The World Health Organization (WHO) on Wednesday approved the world's first vaccine for Malaria and recommended its broad use for children, especially across Africa. The move officials hope will spur stalled efforts to curb the spread of the parasitic disease.
Following a meeting of the United Nations health agency’s vaccine advisory group, WHO director-general Tedros Adhanom Ghebreyesus spoke of “a historic moment.”
“Today’s recommendation offers a glimmer of hope for the continent which shoulders the heaviest burden of the disease and we expect many more African children to be protected from malaria and grow into healthy adults,” said Dr. Matshidiso Moeti, the WHO’s Africa director.
The WHO said its decision was based on results from ongoing research in Ghana, Kenya and Malawi that has tracked more than 800,000 children since 2019.
The malaria vaccine known as Mosquirix was developed by GlaxoSmithKline in 1987. While it’s the first to be authorized, it is only about 30% effective, requires up to four doses, and protection fades after just months.
Still, given the extremely high burden of malaria in Africa- where the majority of the world’s more than 200 million cases a year and 400,000 deaths occur- scientists say the vaccine could still have a major impact.
“This is a huge step forward,” said Julian Rayner, director of the Cambridge Institute for Medical Research, who was not part of the WHO decision. “It’s an imperfect vaccine, but it will still stop hundreds of thousands of children from dying.” Rayner said that the vaccine’s impact on the spread of the mosquito-borne disease was still unclear, but pointed to the coronavirus vaccines as an encouraging example.
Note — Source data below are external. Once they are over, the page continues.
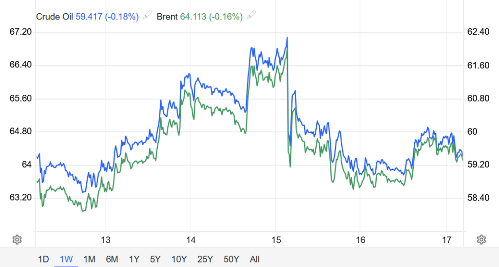 Theo tuần, dầu Brent tăng khoảng 2% trong tuần, còn WTI tăng khoảng 1,4%.
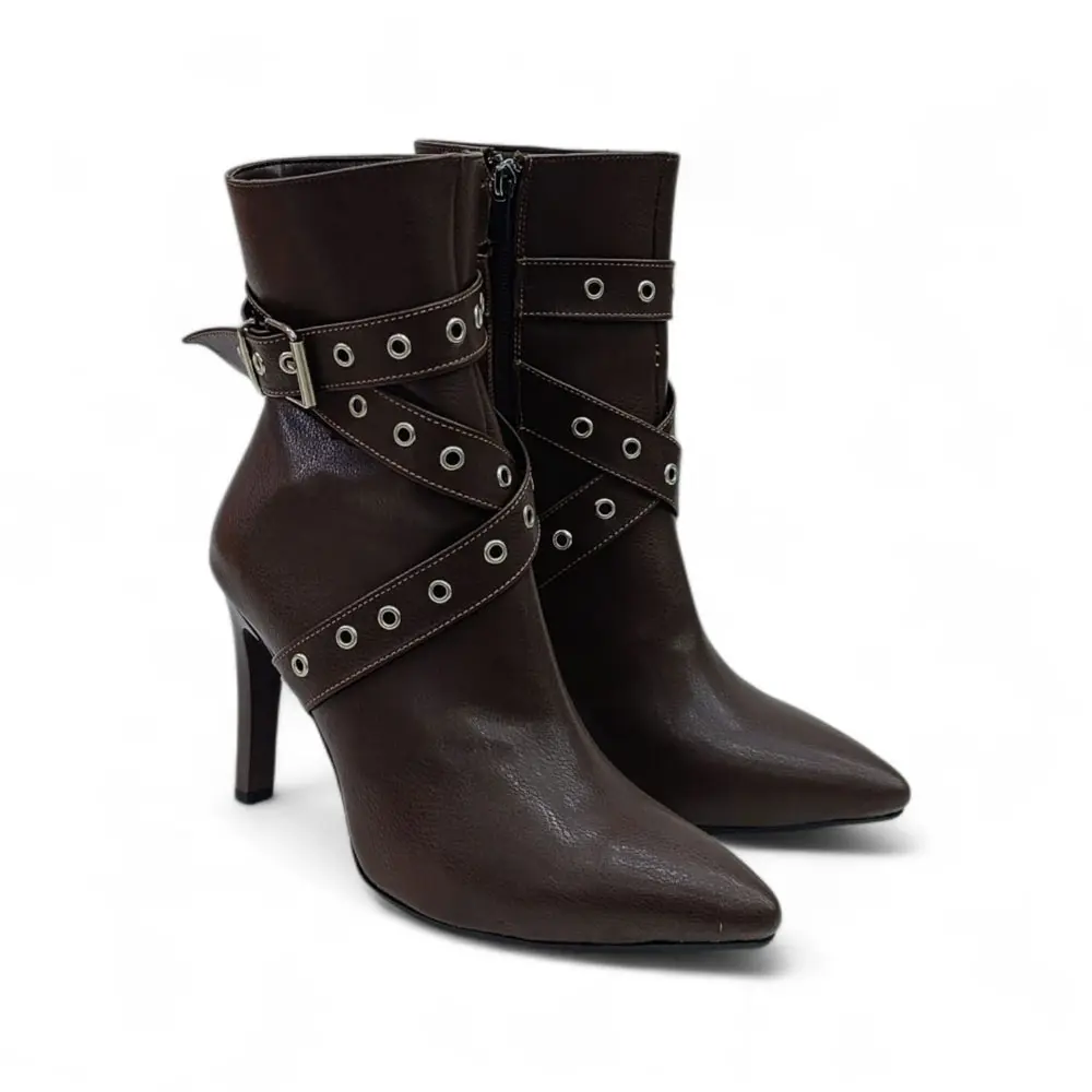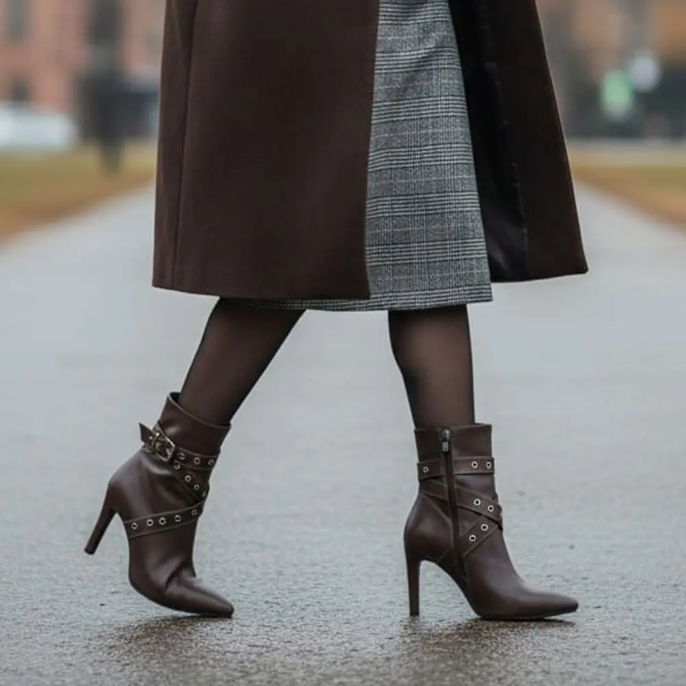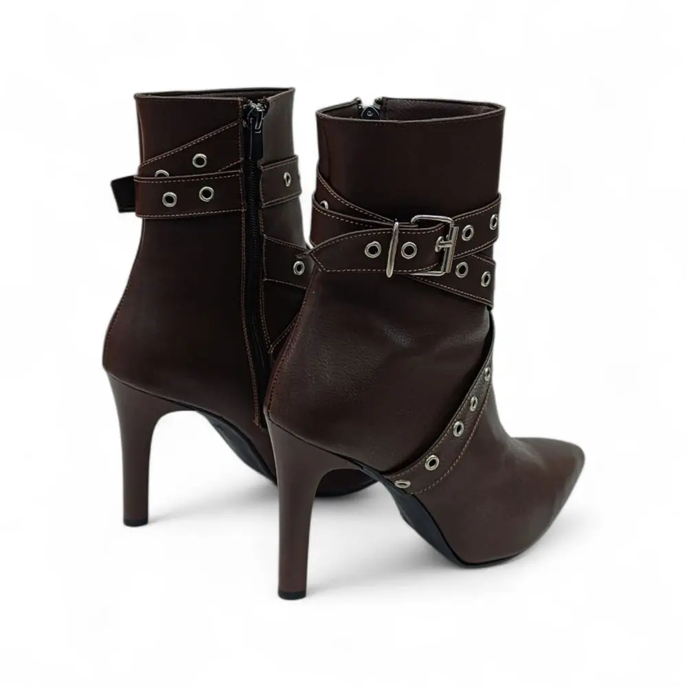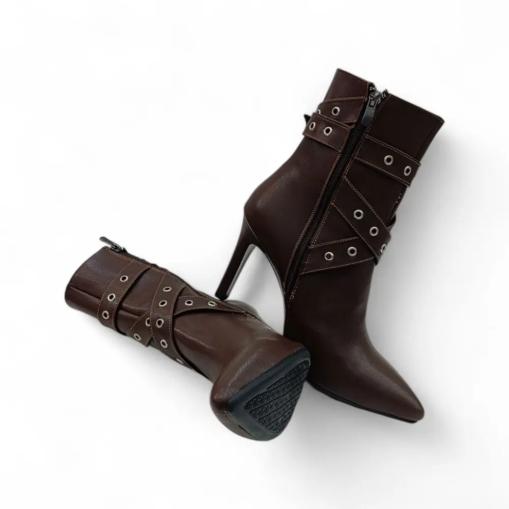 Sivri Burunlu Metal Detaylı Yüksek Topuklu Kadın Bot, klasik ve feminen bot silüetini, bilek kısmındaki cesur metal halka (kuşgözü) ve bant detaylarıyla birleştiriyor. Yüksek ince topuğu ve keskin sivri burun formu ile bacakları uzun gösteren, iddialı bir duruş sergiler.
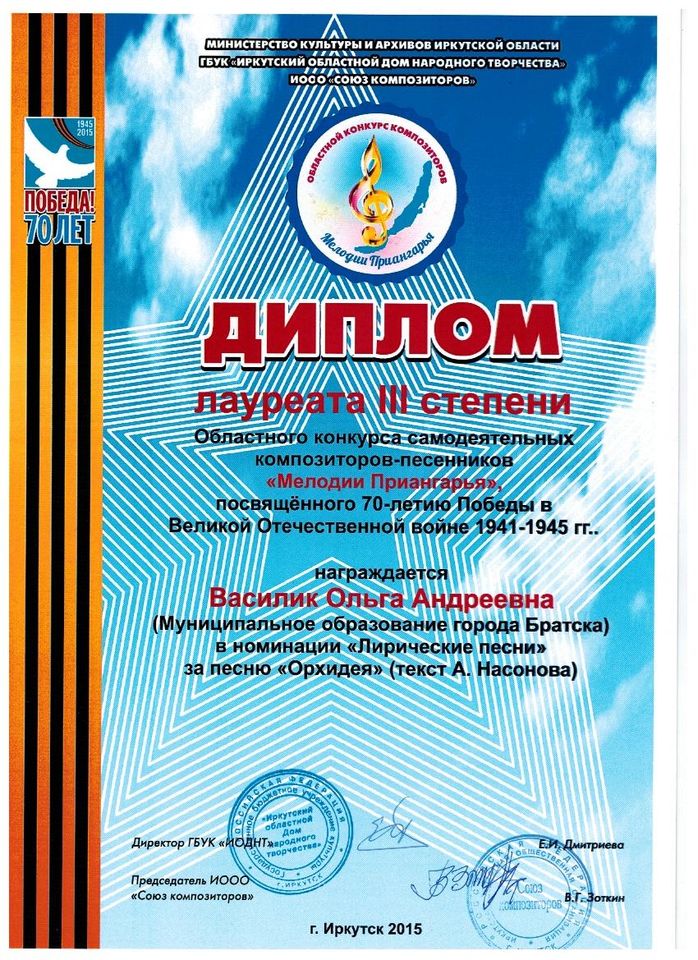- диплом Лауреата III степени в номинации «Песни гражданско-патриотической направленности» областного конкурса самодеятельных композиторов-песенников «Мелодии Приангарья» (г. Иркутск)
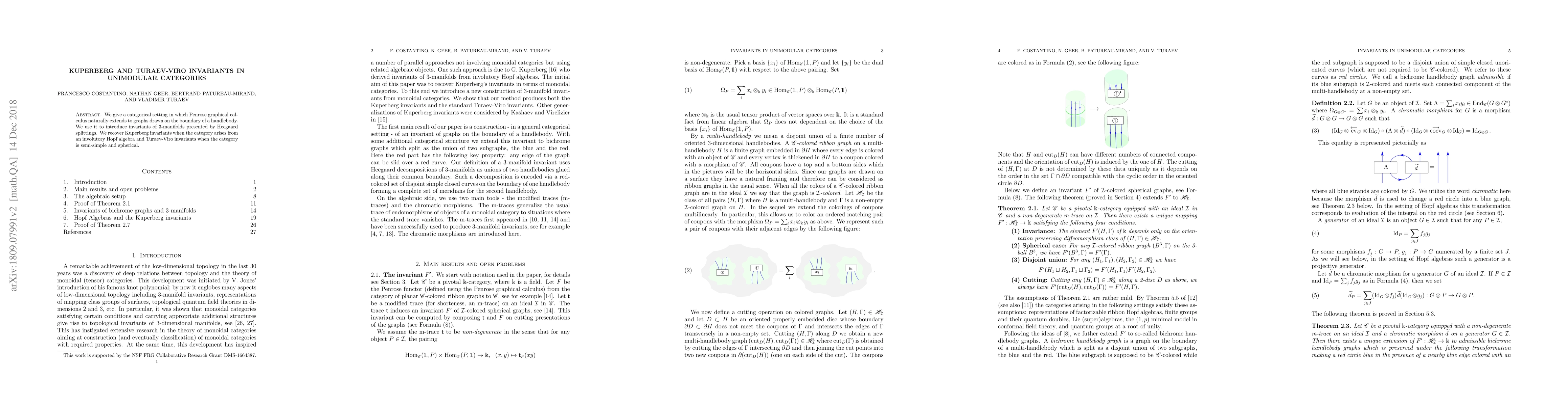 This paper establishes a categorical framework for extending Penrose graphical calculus to graphs on handlebody boundaries, introducing invariants for 3-manifolds via Heegaard splittings, and recovering Kuperberg and Turaev-Viro invariants under specific conditions.
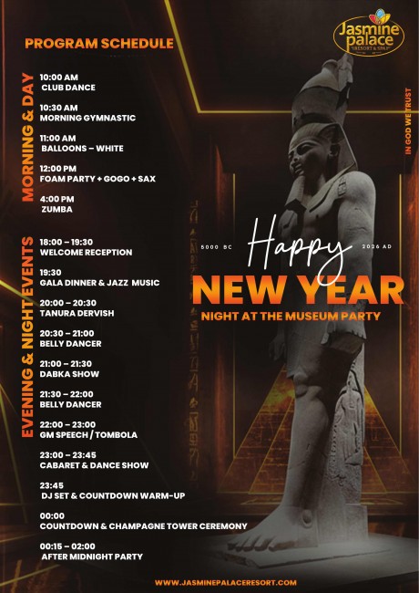 Праздник, солнце и восточное гостеприимство — всё это ждёт гостей отеля Jasmine Palace Resort 5★ на побережье Красного моря в новогоднюю ночь!
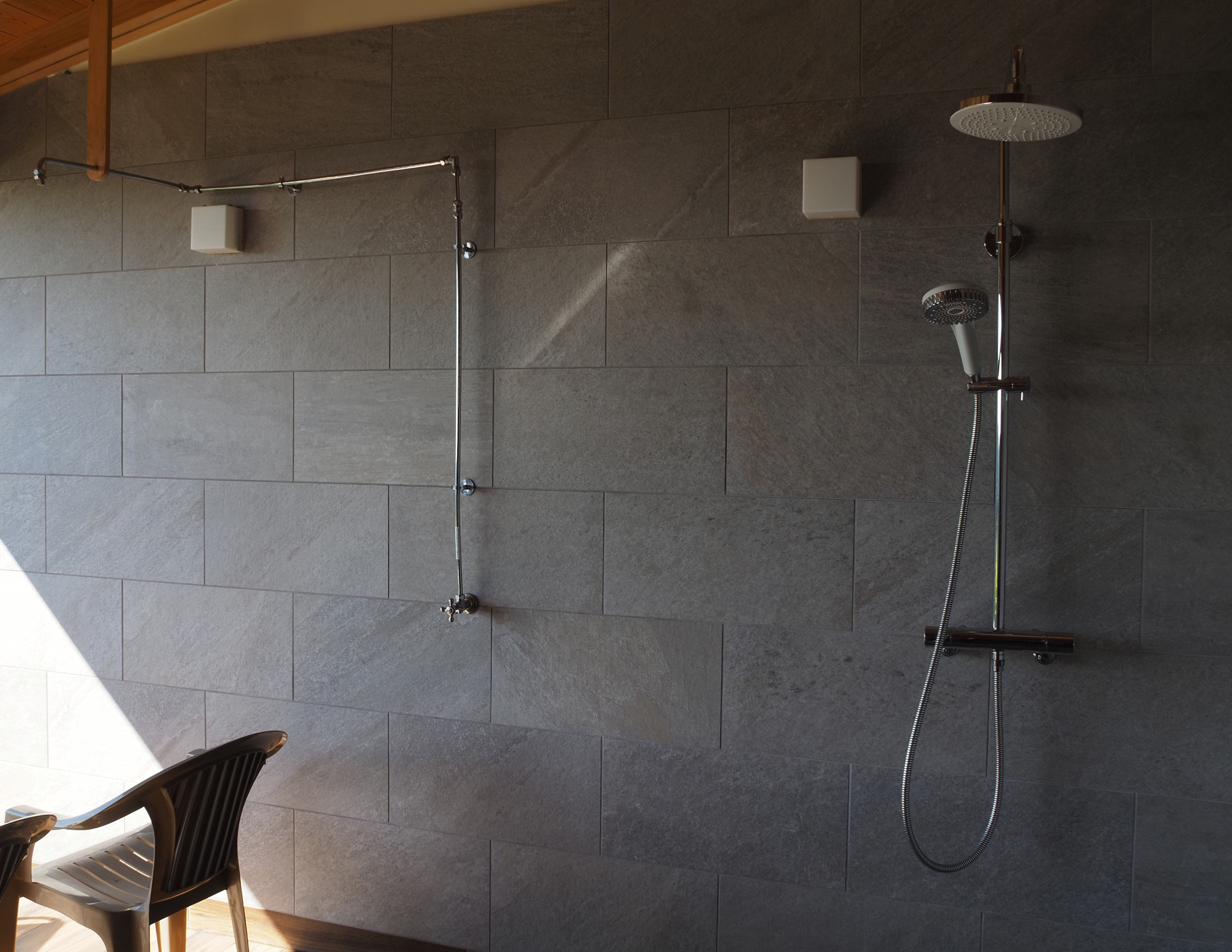 体の芯から温まったら、次は外気浴へ。屋外にはシャワー、ミストシャワー、そして棚田と同じ目線に作られた水風呂が。
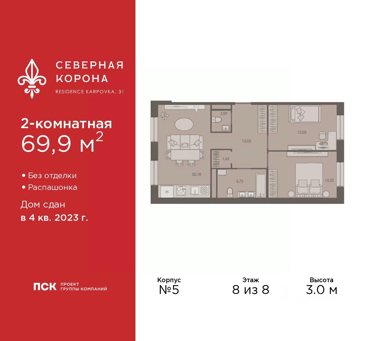Просторная 2-комн. квартира в ЖК "Северная корона" на 8 этаже. Квартира без отделки, после оформления собственности можно делать ремонт. Общая площадь: 69.9 кв.м., жилая: 26.25 кв.м., площадь просторной кухни-столовой: 20.18 кв.м. Квартира - распашонка, без проходных комнат, окна выходят на paзные стороны дома. В квартире один совмещенный и один раздельный санузел. Высота потолков 3.0 м.
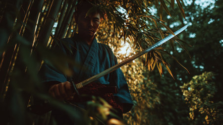 A warrior in traditional attire stands poised with a sword, surrounded by dense bamboo foliage
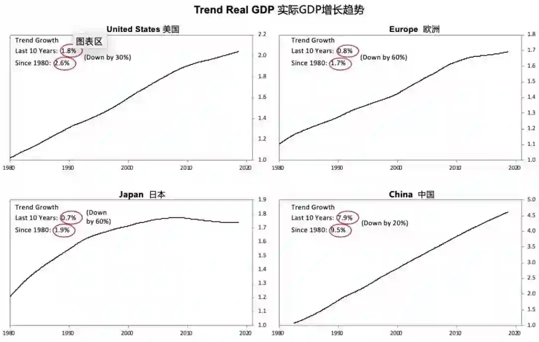 这是美国过去10年的生产效率。从20世纪80年代开始的生产效率的变化,欧洲的生产效率在下降,下降了60%,从0.6到1.8。日本的生产效率在下降,它的债务危机在发展,社会进入老龄化。
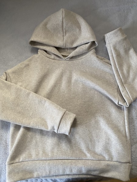 didit sewing さんのフーディの型紙S-Mで作りました。初めて2本針のロックミシンを使用。動画でわかりやすく作れましたが、切り落とす布がうまく生地から離れず一緒に縫い込んだりしてしまいました。次はポケット付きで作りたいです。
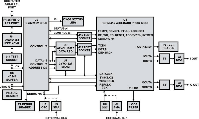 The HSP50415EVAL1 is an evaluation kit for the HSP50415 wideband programmable modulator. The kit consists of an evaluation circuit card Assembly (CCA) complete with the HSP50415 device and additional circuitry to provide for control via a computer parallel port. Windows based demonstration software is provided for full user programmability and control of all HSP50415 operational modes.
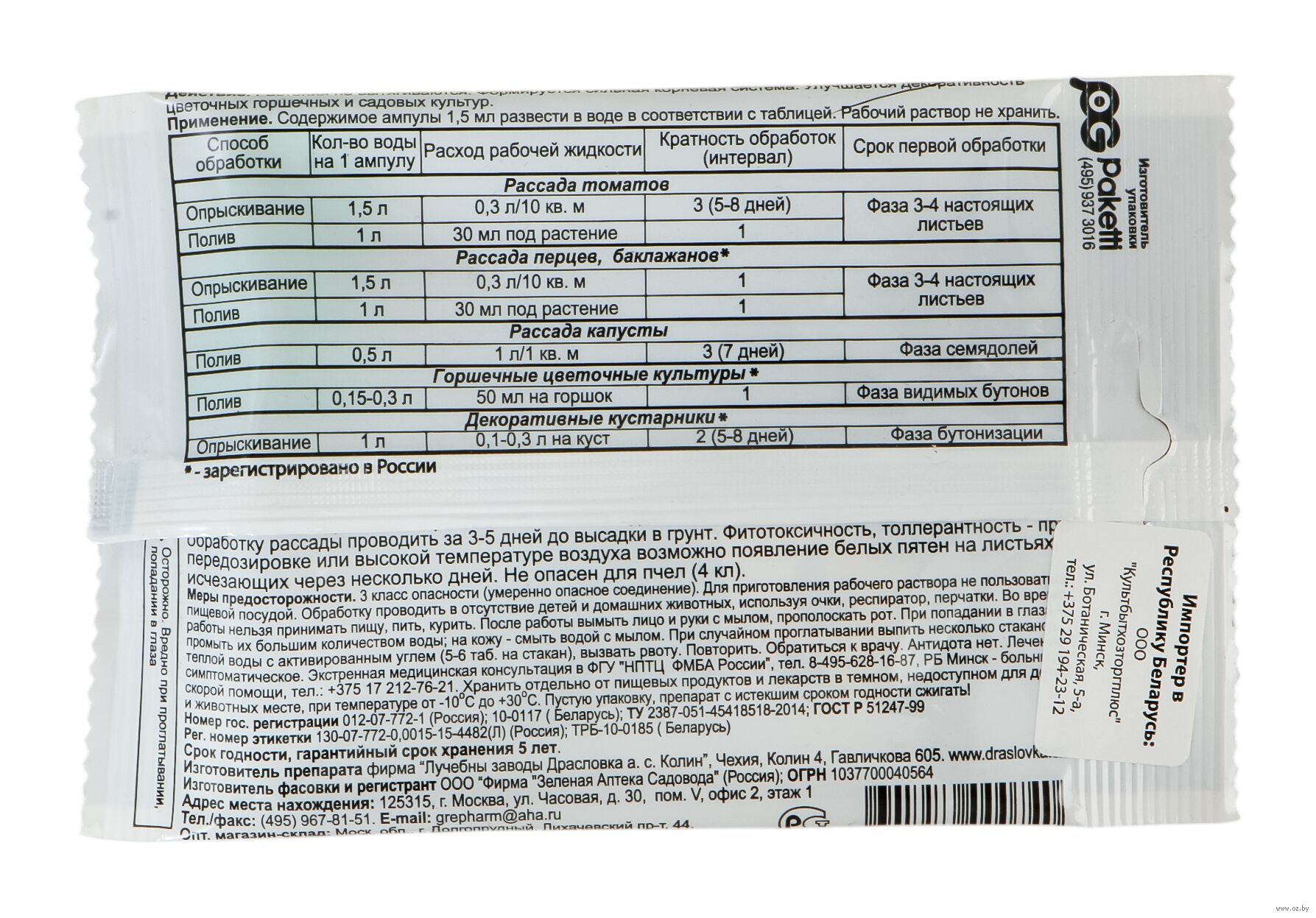 | Изготовитель | ООО "Зеленая Аптека Садовода". Россия, Московская область, г. Долгопрудный, Лихачевский проспект, д. 44 |

“The last two years have given us a very nuanced understanding of how important vaccines are in saving lives and reducing hospitalizations, even if they don’t directly reduce transmission.”
Sian Clarke, co-director of the Malaria Centre at the London School of Hygiene and Tropical Medicine, said the vaccine would be a useful addition to other tools against the disease that might have exhausted their utility after decades of use, like bednets and insecticides.
“In some countries where it gets really hot, children just sleep outside, so they can’t be protected by a bednet,” Clarke explained. “So obviously if they’ve been vaccinated, they will still be protected.”
Clarke added that in the last few years little significant progress has been made against malaria. “If we’re going to decrease the disease burden now, we need something else.”